[Dataset items]
———

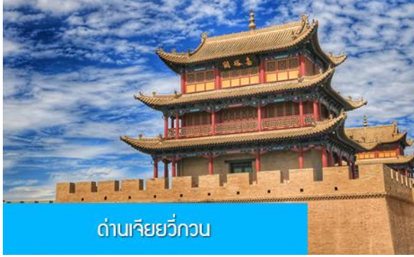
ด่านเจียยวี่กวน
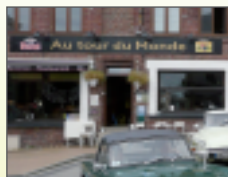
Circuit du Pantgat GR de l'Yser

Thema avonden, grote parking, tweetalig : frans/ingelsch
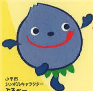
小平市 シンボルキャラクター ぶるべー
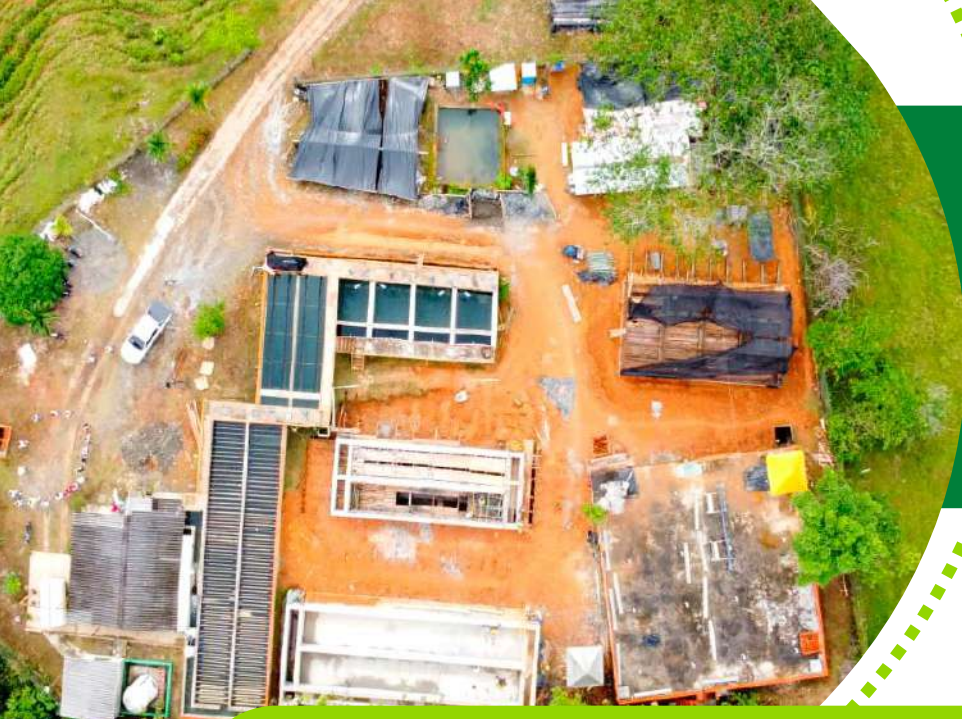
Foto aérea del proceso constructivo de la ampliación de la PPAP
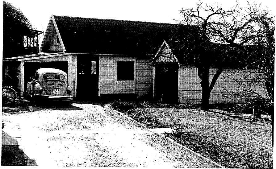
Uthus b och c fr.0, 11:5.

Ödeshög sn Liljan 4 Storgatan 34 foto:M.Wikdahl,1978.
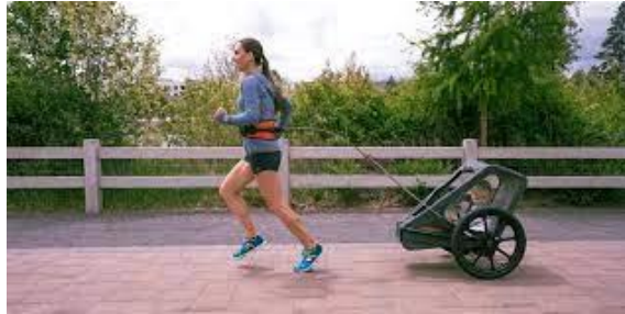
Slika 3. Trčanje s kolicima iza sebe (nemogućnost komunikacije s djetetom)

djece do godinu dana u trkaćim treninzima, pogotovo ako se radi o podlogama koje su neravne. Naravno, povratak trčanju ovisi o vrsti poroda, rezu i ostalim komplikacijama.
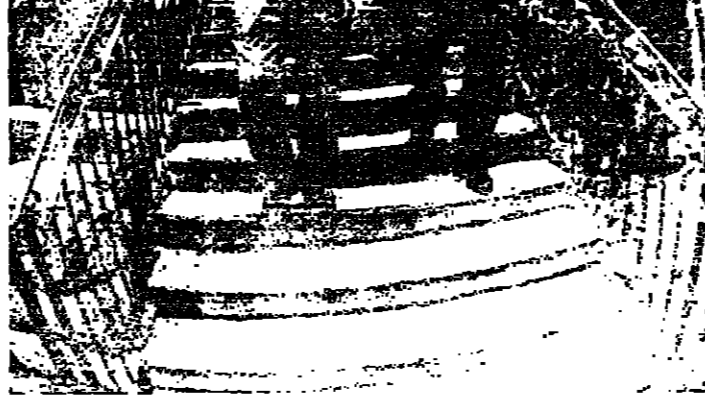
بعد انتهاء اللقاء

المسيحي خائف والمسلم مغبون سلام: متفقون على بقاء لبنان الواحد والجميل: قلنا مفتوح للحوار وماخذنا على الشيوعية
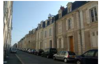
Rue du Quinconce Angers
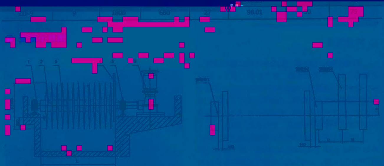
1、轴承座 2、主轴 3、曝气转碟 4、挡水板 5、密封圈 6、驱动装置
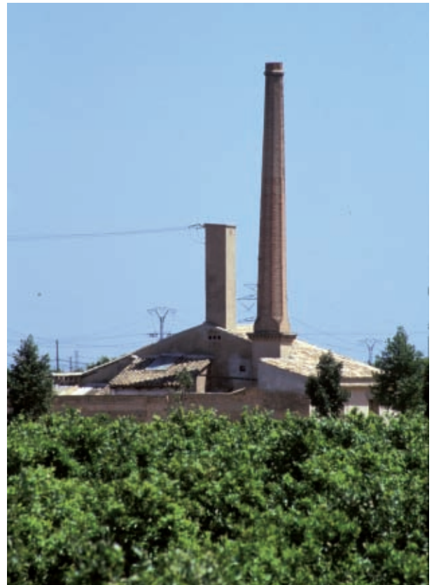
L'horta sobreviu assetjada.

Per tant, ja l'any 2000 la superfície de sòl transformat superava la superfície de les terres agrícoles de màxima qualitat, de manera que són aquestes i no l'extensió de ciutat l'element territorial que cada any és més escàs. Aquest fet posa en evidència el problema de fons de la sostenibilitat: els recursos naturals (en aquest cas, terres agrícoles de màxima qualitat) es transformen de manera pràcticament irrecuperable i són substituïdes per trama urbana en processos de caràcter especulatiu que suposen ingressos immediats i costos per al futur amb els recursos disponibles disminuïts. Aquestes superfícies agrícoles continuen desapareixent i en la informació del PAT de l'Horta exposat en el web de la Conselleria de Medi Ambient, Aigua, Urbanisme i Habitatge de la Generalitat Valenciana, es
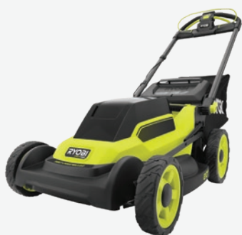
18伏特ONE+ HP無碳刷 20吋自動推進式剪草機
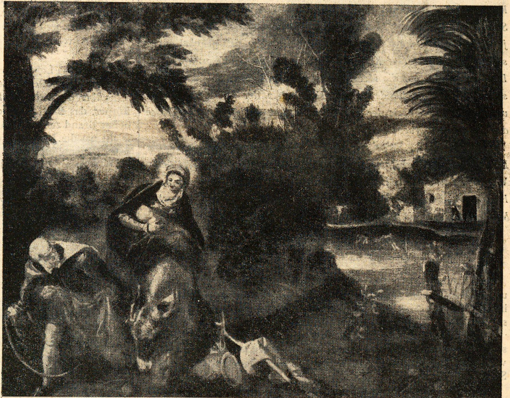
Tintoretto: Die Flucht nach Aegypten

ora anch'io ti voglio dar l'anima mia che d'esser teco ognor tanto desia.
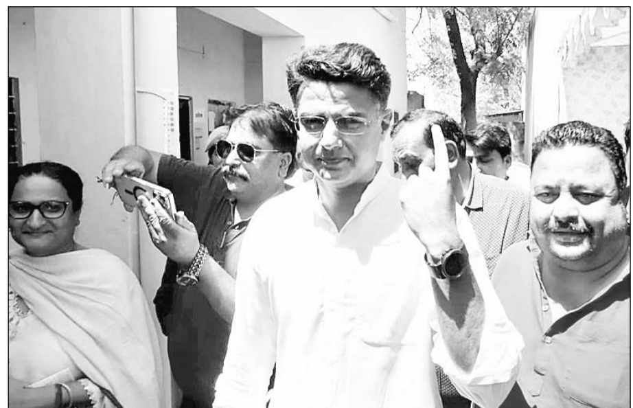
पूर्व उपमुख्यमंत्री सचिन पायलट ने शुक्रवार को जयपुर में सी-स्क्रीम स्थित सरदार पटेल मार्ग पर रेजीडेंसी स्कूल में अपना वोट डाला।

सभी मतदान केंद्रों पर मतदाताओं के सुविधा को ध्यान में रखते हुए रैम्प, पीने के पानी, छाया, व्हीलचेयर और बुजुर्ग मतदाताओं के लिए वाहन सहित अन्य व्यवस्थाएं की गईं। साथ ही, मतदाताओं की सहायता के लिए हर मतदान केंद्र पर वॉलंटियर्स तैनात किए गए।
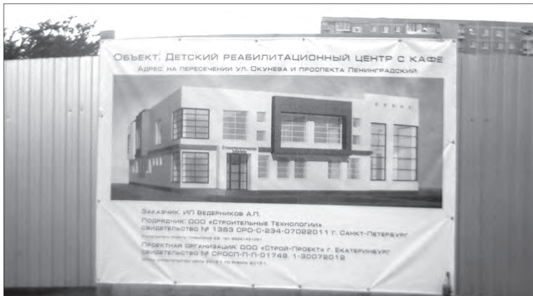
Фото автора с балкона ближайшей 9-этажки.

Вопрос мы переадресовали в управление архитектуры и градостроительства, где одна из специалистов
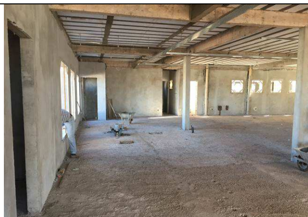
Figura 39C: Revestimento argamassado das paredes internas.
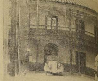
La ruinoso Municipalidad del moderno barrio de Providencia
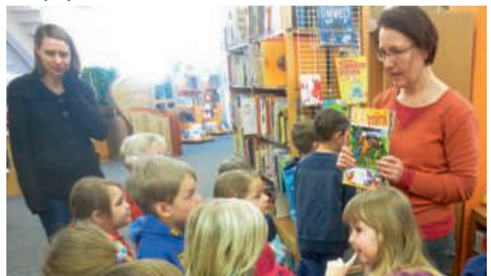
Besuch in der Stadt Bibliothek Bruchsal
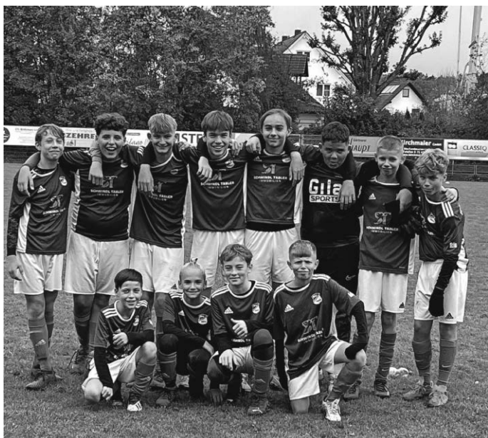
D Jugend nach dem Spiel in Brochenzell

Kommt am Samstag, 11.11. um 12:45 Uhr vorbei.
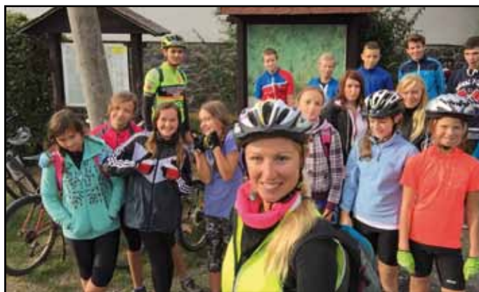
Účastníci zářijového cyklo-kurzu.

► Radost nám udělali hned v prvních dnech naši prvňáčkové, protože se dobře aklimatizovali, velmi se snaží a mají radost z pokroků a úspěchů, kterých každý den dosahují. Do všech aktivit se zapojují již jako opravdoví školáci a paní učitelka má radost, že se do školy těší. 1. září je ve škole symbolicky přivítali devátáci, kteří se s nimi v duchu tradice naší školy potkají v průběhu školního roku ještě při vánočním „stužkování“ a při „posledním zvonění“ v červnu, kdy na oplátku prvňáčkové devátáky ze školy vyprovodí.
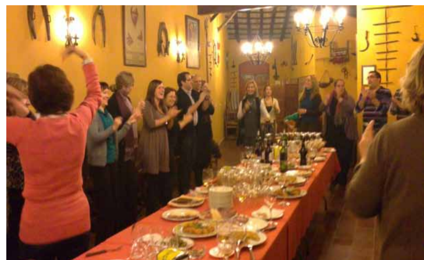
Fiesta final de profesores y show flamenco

———

### Work instruction
Output exactly the lines above, beginning at the one with "Uthus b och c fr.0, 11:5." and stopping after the one with "بعد انتهاء اللقاء". Pictures are to be omitted.

### Solved problem
Uthus b och c fr.0, 11:5.

Ödeshög sn Liljan 4 Storgatan 34 foto:M.Wikdahl,1978.
Slika 3. Trčanje s kolicima iza sebe (nemogućnost komunikacije s djetetom)

djece do godinu dana u trkaćim treninzima, pogotovo ako se radi o podlogama koje su neravne. Naravno, povratak trčanju ovisi o vrsti poroda, rezu i ostalim komplikacijama.
بعد انتهاء اللقاء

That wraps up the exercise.